Said Barack Obama, quoted in the Washington Post account of yesterday's memorial service for Reid.
It's the "deeply" that gets you. It draws so much attention to "good." We might have let it go — was Harry Reid good? — if "deeply" hadn't forced us to stop and stare.
Here's the original post — in 2014 — where I created the tag.
There are so many trite usages — deeply in love, deeply disappointed, deeply religious, thinking deeply, deeply troubled, deeply concerned, deeply offended, deeply regret — and "deeply" is deeply embedded in constitutional law doctrine with the phrase "deeply rooted in this nation's history and tradition."
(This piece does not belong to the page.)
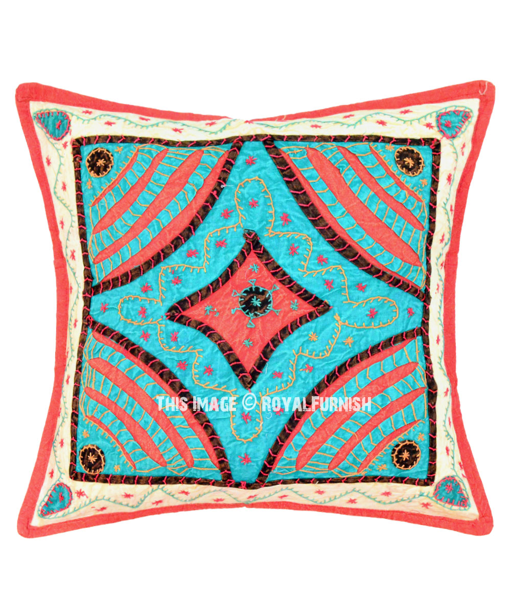 Create stunning boho-chic home decor with colorful intricate handcrafted throw pillow. Made of 100% cotton and handcrafted in India features colorful embroidered design and pattern that add luxury and beauty to living room sofa and bedroom interior.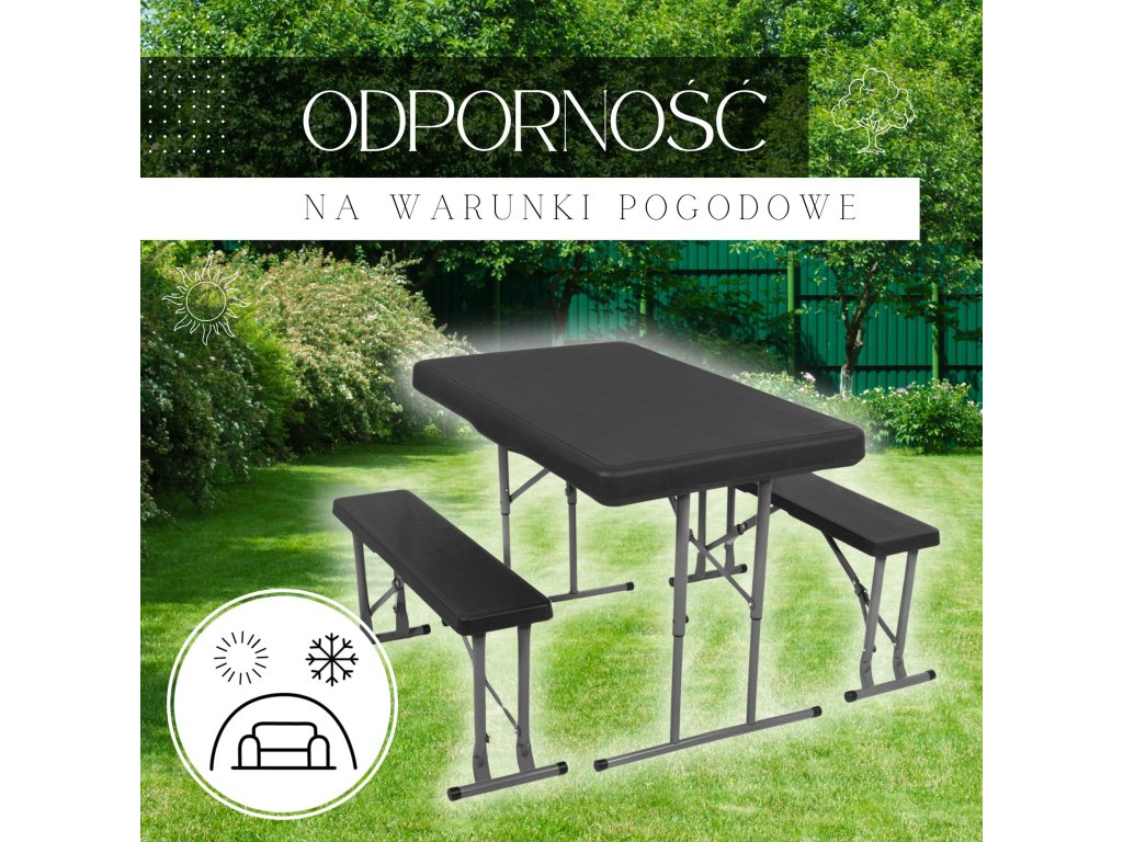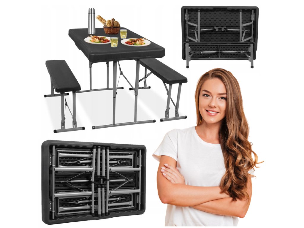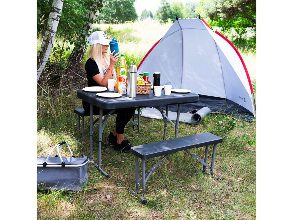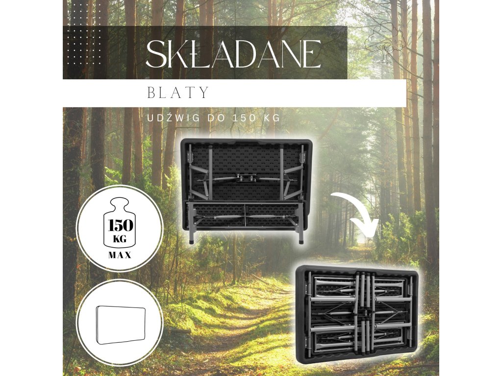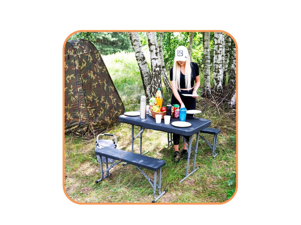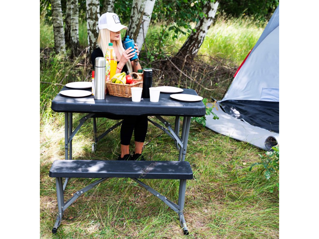 - Az összecsukott padok teljes egészében az összecsukott asztal belsejében vannak elrejtve, így az egész összeállítás összecsukott méretei megegyeznek az összecsukott asztal méreteivel

1. "Beauty is a system of power, deeply rooted, preceding all others, richly rewarded," wrote Garace Franke-Ruta, explaining "Why Obama's 'Best-Looking Attorney General' Comment Was a Gaffe."...
Oh, what's not a gaffe these days?
But back to the memorial service. Biden and Pelosi spoke too, and both of them told a joke premised on the reputation Reid had for being untalkative.
Here's Biden joke : "Harry and I both liked to talk a lot... I’m just testing whether you’re asleep yet."
Here's Pelosi's: "He was a man of few words — and he wanted everyone else to be a person of few words."
They kept it light. There was an opportunity to go much lighter on the man-of-few-words theme — man of even fewer words now, ha ha — or to go much more deeply....
It was election night 2006, when Democrat Claire McCaskill won her race in Missouri, a victory that gave control of the Senate to Democrats, and Reid rushed over and kissed McCaskill through the television screen.
“His lips remained attached to the TV screen for a full 10 seconds,” Schumer said. “I had to get up and wipe the copious spittle off the TV screen.”